- Work to complete
Beneath this sentence is a listing. Return its lines from the one containing "When changes are" through the last, exactly, and omit the pictures.

Start of Recorded information

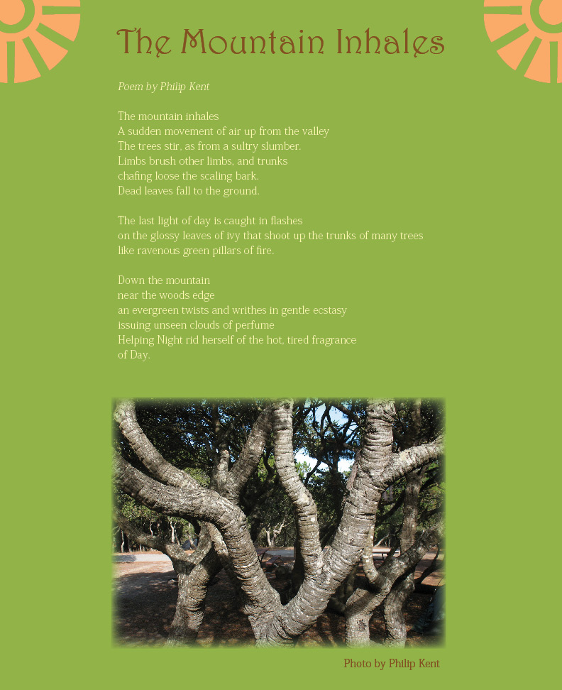 Philip is an avid cyclist, and cycle tourist and is a one time editor of a Cycling newsletter. He finds that, "Driving and cycling have taken me to many enchanted places in California, and trees have always been a source of inspiration both in poetry and photography."
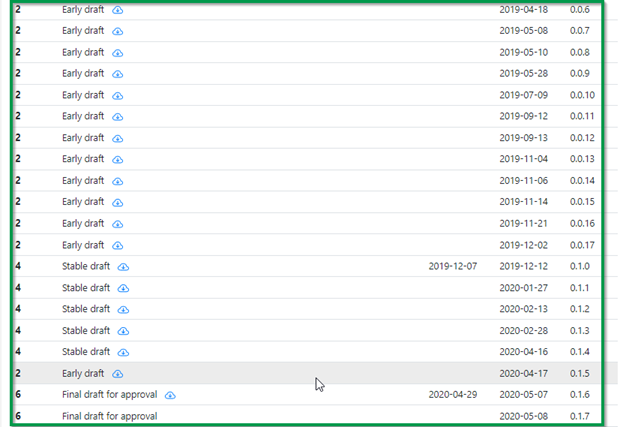 When changes are made during the drafting phase, the consecutive version numbers of the draft will increase depending on the type of changes applied (see figure 2).
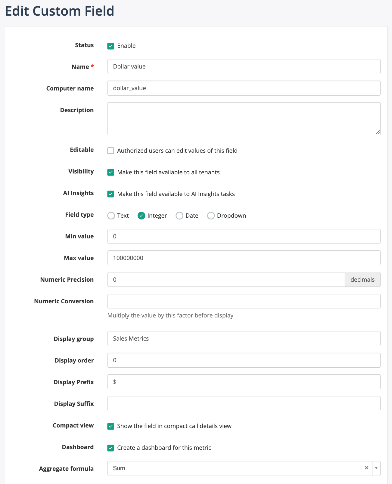 Figure: Custom Field configuration showing AI Insights checkbox and Dashboard option.
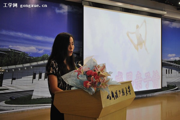 在“难忘师生情”部分,观看学院老师的寄语视频后,毕业生代表向教师代表献礼,感谢恩师深切关怀和无私教诲。教师代表陈晓雷发言。她代表全体教师祝福毕业生,希望毕业生们脚踏实地,继续求索,并学以致用,不断向前,不断奋进。

End of Recorded information

- Solution for this problem
 When changes are made during the drafting phase, the consecutive version numbers of the draft will increase depending on the type of changes applied (see figure 2).
 Figure: Custom Field configuration showing AI Insights checkbox and Dashboard option.
 在“难忘师生情”部分,观看学院老师的寄语视频后,毕业生代表向教师代表献礼,感谢恩师深切关怀和无私教诲。教师代表陈晓雷发言。她代表全体教师祝福毕业生,希望毕业生们脚踏实地,继续求索,并学以致用,不断向前,不断奋进。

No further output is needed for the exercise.